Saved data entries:
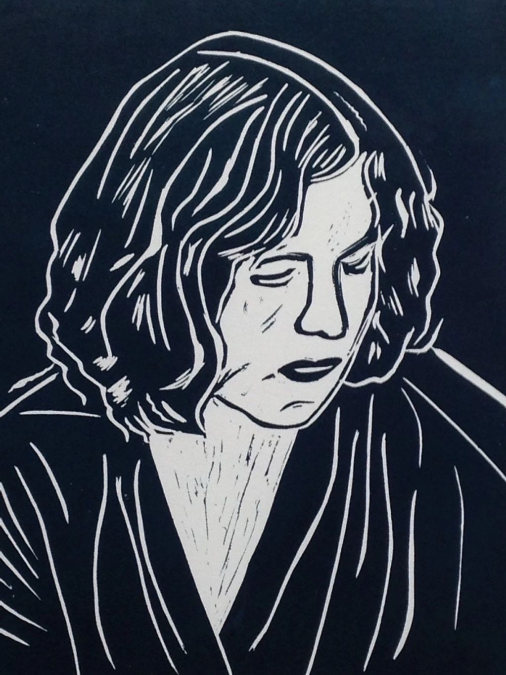 "Pensive 1" - Linocut print. Black ink on white paper.
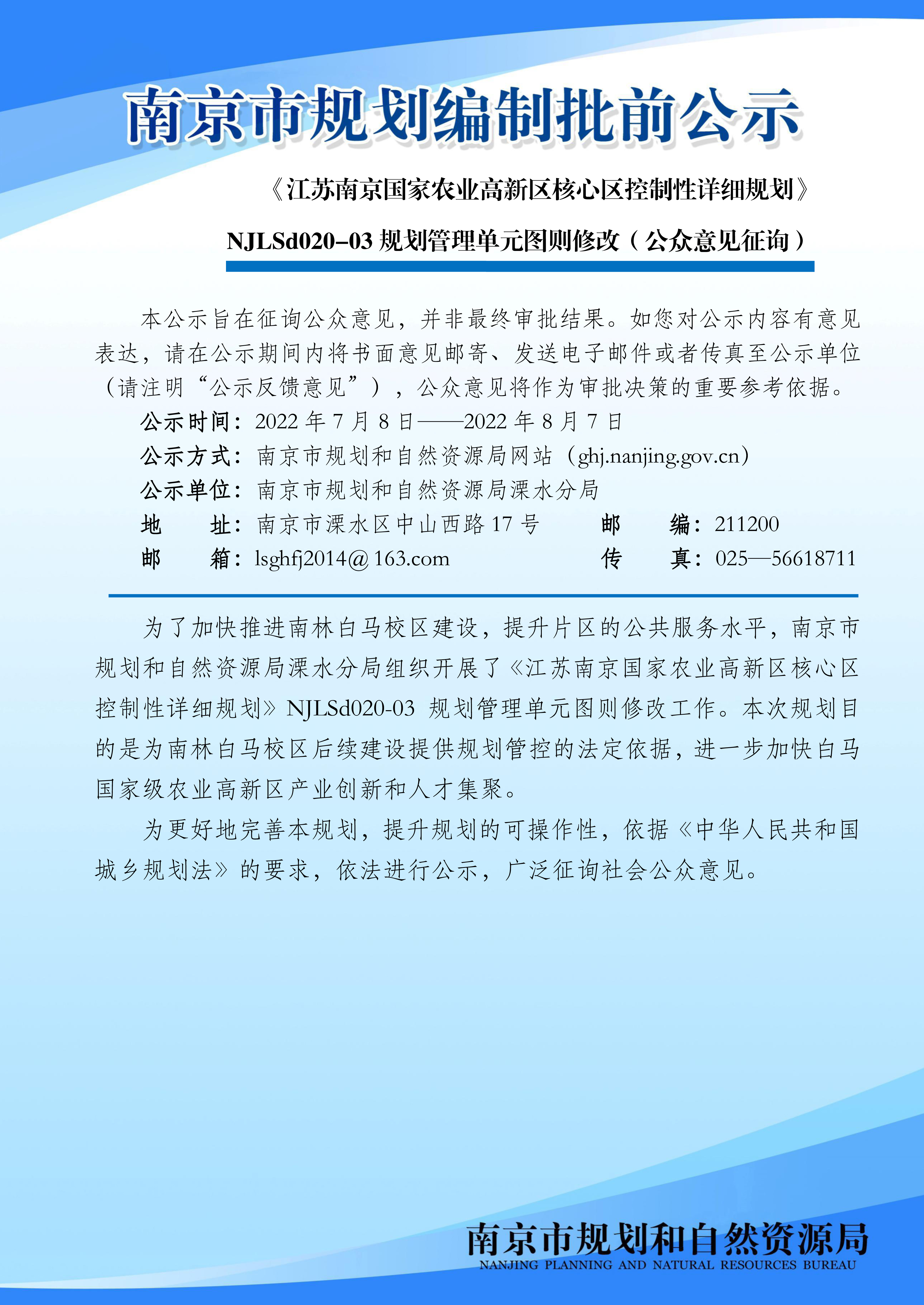 《江苏南京国家农业高新区核心区控制性详细规划》 NJLSd020-03规划管理单元图则修改(公众意见征询)
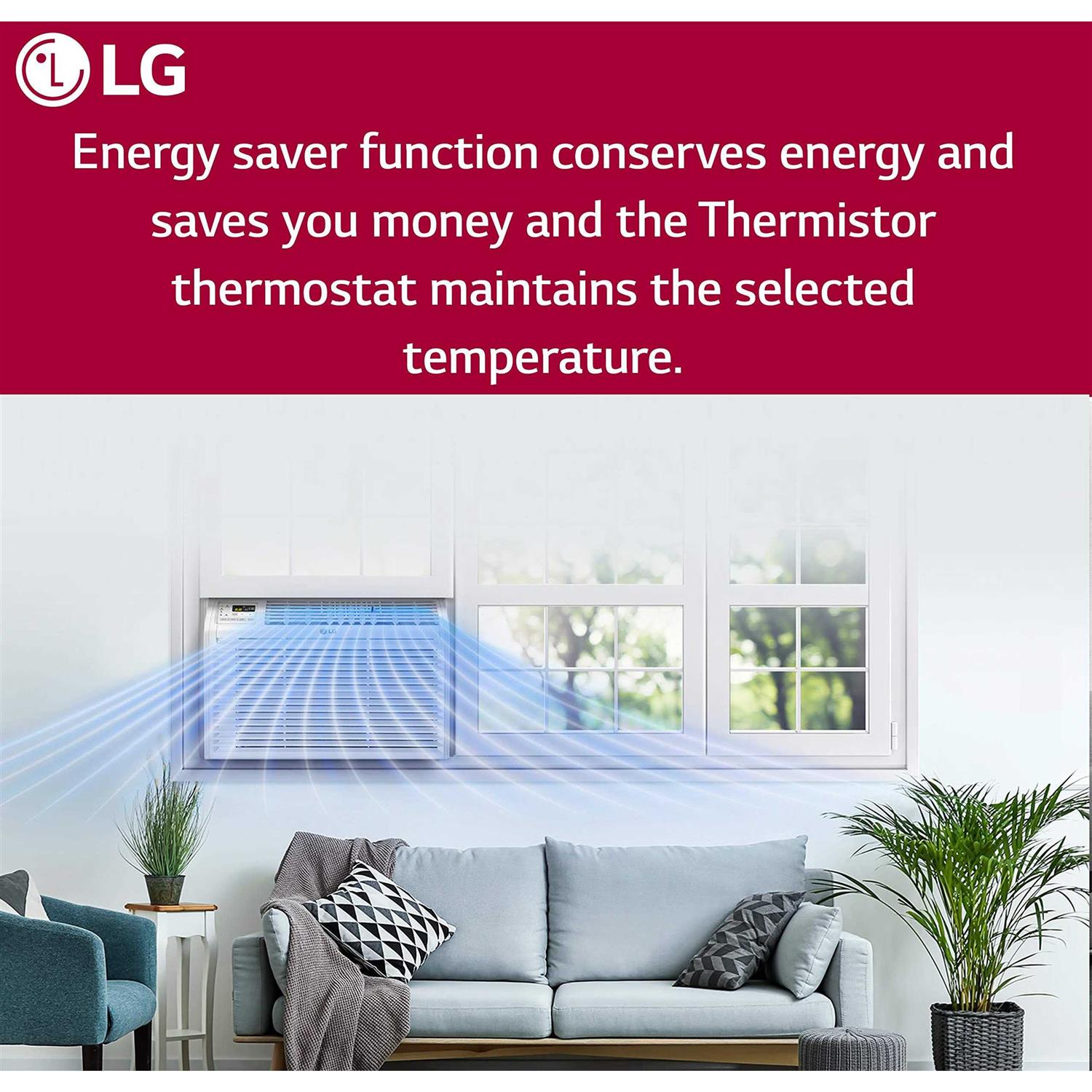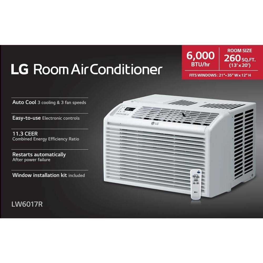 It’s important to get the right air conditioner for the job! The LG LW6017R is ideal for cooling medium rooms up to 250 sq. ft. This unit has 3 cooling and fan speeds and a 24 hour timer to create a cooling schedule. 2-way air deflection lets the flow of air be directed where it’s needed most whether cooling, dehumidifying or just circulating air. If there is a power outage, the auto restart feature will automatically turn your unit back on when power is restored. Other features include a remote control, easy window installation kit, removable, washable filter and a check filter alert. Color: One Color.
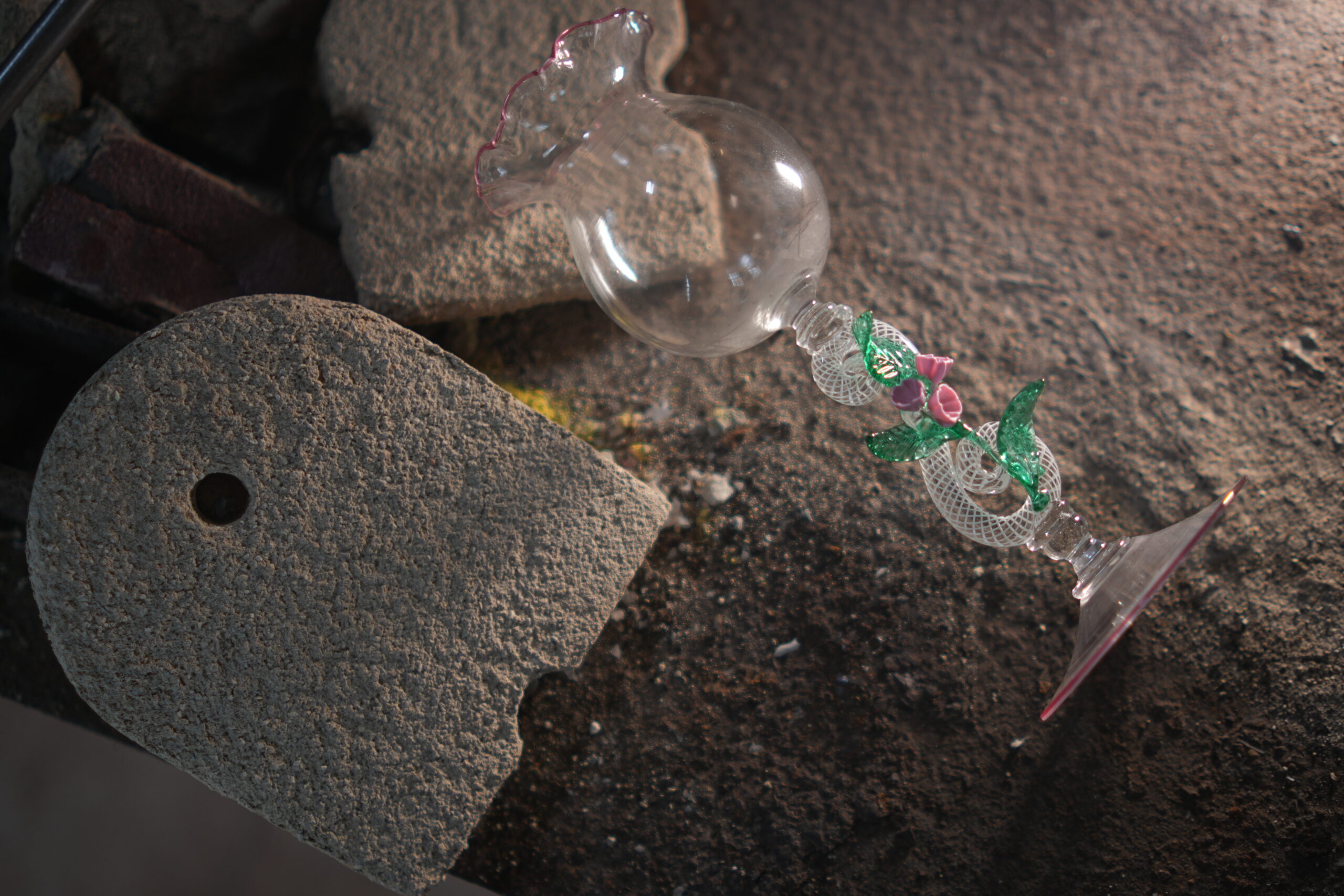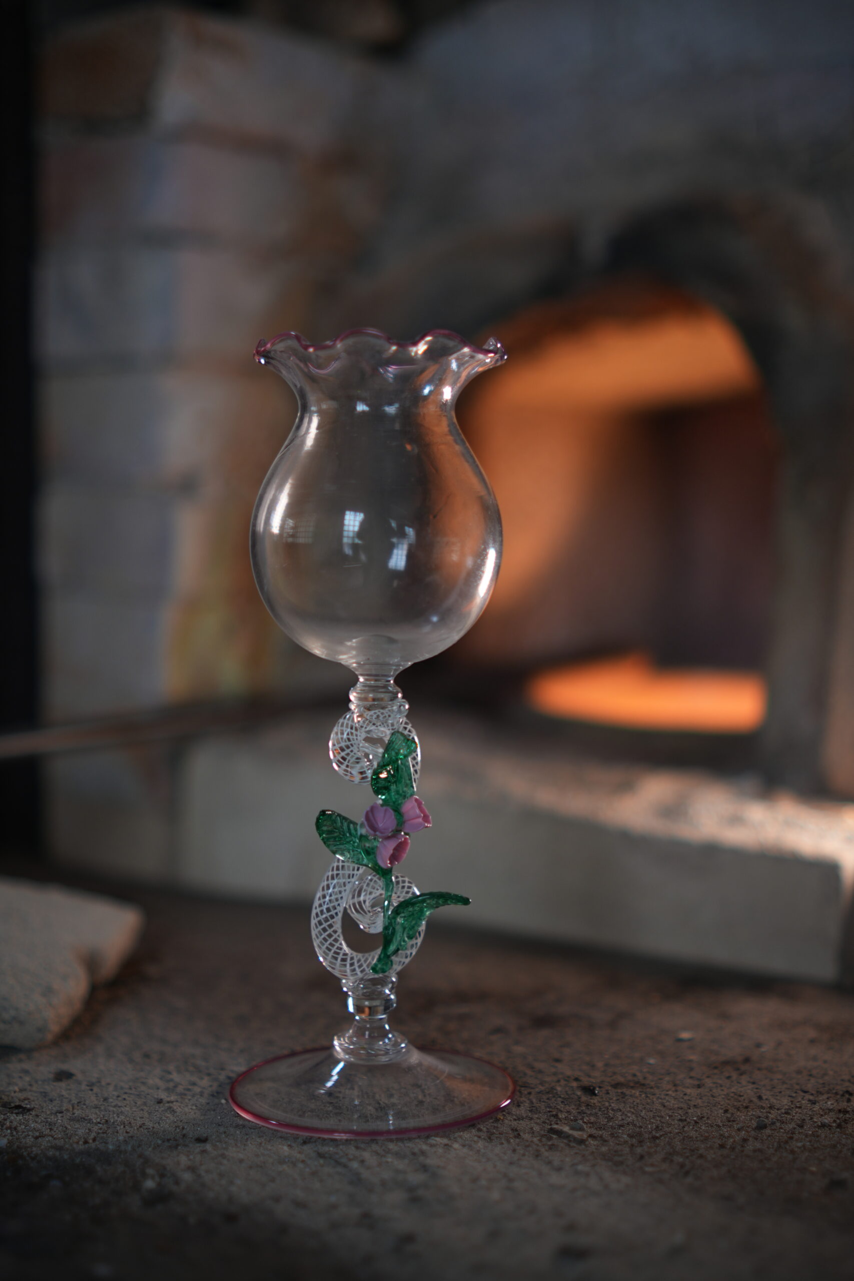 Wonderful and elegant glass with smooth bowl and ruby ​​rim, in the center we have a figure eight workmanship with fiigrana cane paste flowers and transparent leaves applied hot.
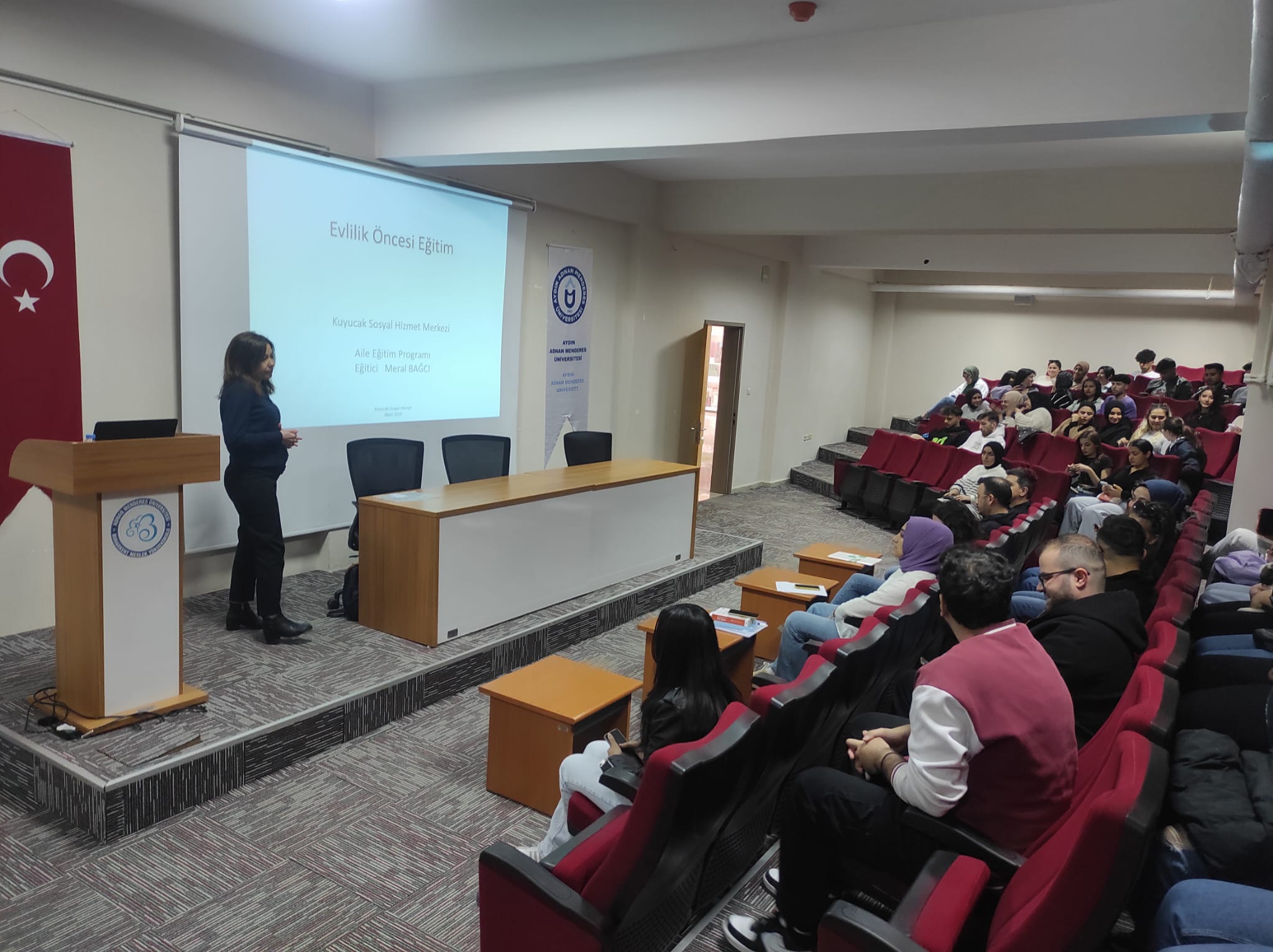 Buharkent Meslek Yüksekokulu Mehmet PARMAKSIZOĞLU Konferans Salonunda 21.03.2024 Perşembe günü Kuyucak Sosyal Hizmetler Merkezi Müdürlüğünden Meral BAĞCI tarafından öğrencilerimize “Evlilik Öncesi Eğitim” verildi.
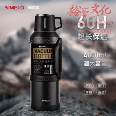 SIMELO施美乐户外保温壶 大容量车载旅行水壶304不锈钢保温瓶 4.0L星空黑 SKU:yzwhyp308506
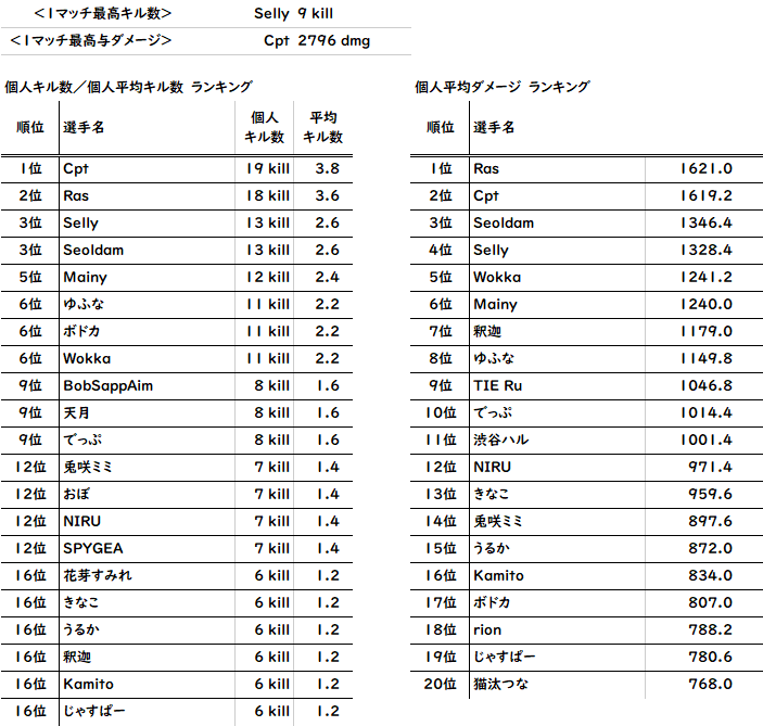 キル数TOP10 1~5位 (敬称略)
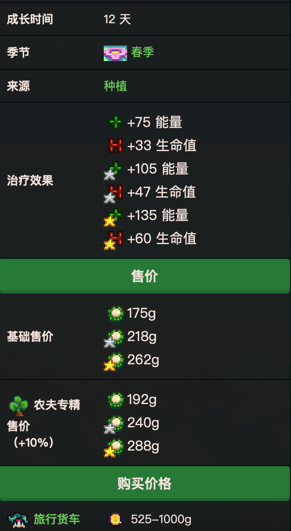 首頁 星露穀物語 問答 星露谷花椰菜哪裡有賣? 2023-01-10 花椰菜由花椰菜種子經過12天後長成,可以通過種植得到。玩家可以在皮埃爾的雜貨店中花費80g購買到花椰菜種子,在喬家超市中也可以購買到花椰菜種子,不過要100金幣的售價。如果想要直接買花椰菜的話,可以在旅行貨車中買到,價格隨機。
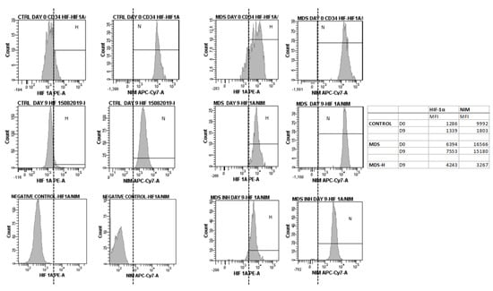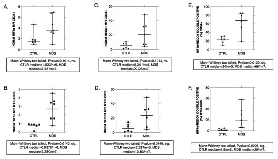 2.1. Human MDS CD34+ and Myeloid-Lineage Cells Display an Activated HIF-1 Profile with Increased REDD1 Protein Levels
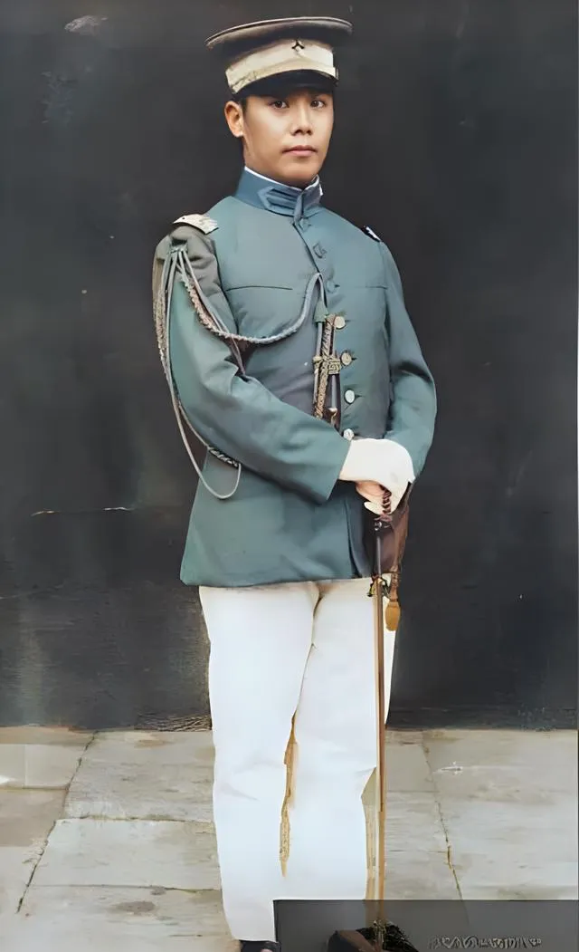 这个挺立的姿势叫戎装立影,呢制军服剪裁讲究,胸前三枚扣子压得齐整,肩头绕了一根编花肩绳,白手套罩住指节,剑穗垂在护手边,帽檐压到眉上,阴影里把眼神收得很稳,裤子是白呢马裤,小腿紧束,脚下皮靴擦得能照人。
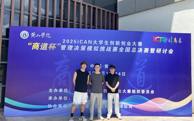 本网讯 7月14日晚,2025iCAN大学生创新创业大赛“商道杯”管理决策模拟挑战赛全国总决赛在黄山学院圆满落幕。我校学子张雨、李志慧、王佳慧组成的“练习生小队”获得全国总决赛二等奖,范颖、申雨欣、戴典格组成的“新颖阁”和张有权、陈永智、汤斌组成的“拉啦队”获全国总决赛三等奖。iCAN大学生创新创业大赛是鼓励原创精神,培养创新思维,提升实践能力的大学生综合性创新赛事,自2007年发起至今,得到了广大青年学生的热爱。2010年,iCAN大赛获批《教育部、财政部关于批准2010年度大学生竞赛资助项目的通知》大学生竞赛资助项目。2023年,iCAN大赛入选《全国普通高校大学生竞赛分析报告》竞赛目录,编号54。

## About this task
All lines between the one that contains "2.1. Human MDS" and the end of the records above, both included, are to be returned exactly as they stand, except for pictures, which are omitted.

## Task result
 2.1. Human MDS CD34+ and Myeloid-Lineage Cells Display an Activated HIF-1 Profile with Increased REDD1 Protein Levels
 这个挺立的姿势叫戎装立影,呢制军服剪裁讲究,胸前三枚扣子压得齐整,肩头绕了一根编花肩绳,白手套罩住指节,剑穗垂在护手边,帽檐压到眉上,阴影里把眼神收得很稳,裤子是白呢马裤,小腿紧束,脚下皮靴擦得能照人。
 本网讯 7月14日晚,2025iCAN大学生创新创业大赛“商道杯”管理决策模拟挑战赛全国总决赛在黄山学院圆满落幕。我校学子张雨、李志慧、王佳慧组成的“练习生小队”获得全国总决赛二等奖,范颖、申雨欣、戴典格组成的“新颖阁”和张有权、陈永智、汤斌组成的“拉啦队”获全国总决赛三等奖。iCAN大学生创新创业大赛是鼓励原创精神,培养创新思维,提升实践能力的大学生综合性创新赛事,自2007年发起至今,得到了广大青年学生的热爱。2010年,iCAN大赛获批《教育部、财政部关于批准2010年度大学生竞赛资助项目的通知》大学生竞赛资助项目。2023年,iCAN大赛入选《全国普通高校大学生竞赛分析报告》竞赛目录,编号54。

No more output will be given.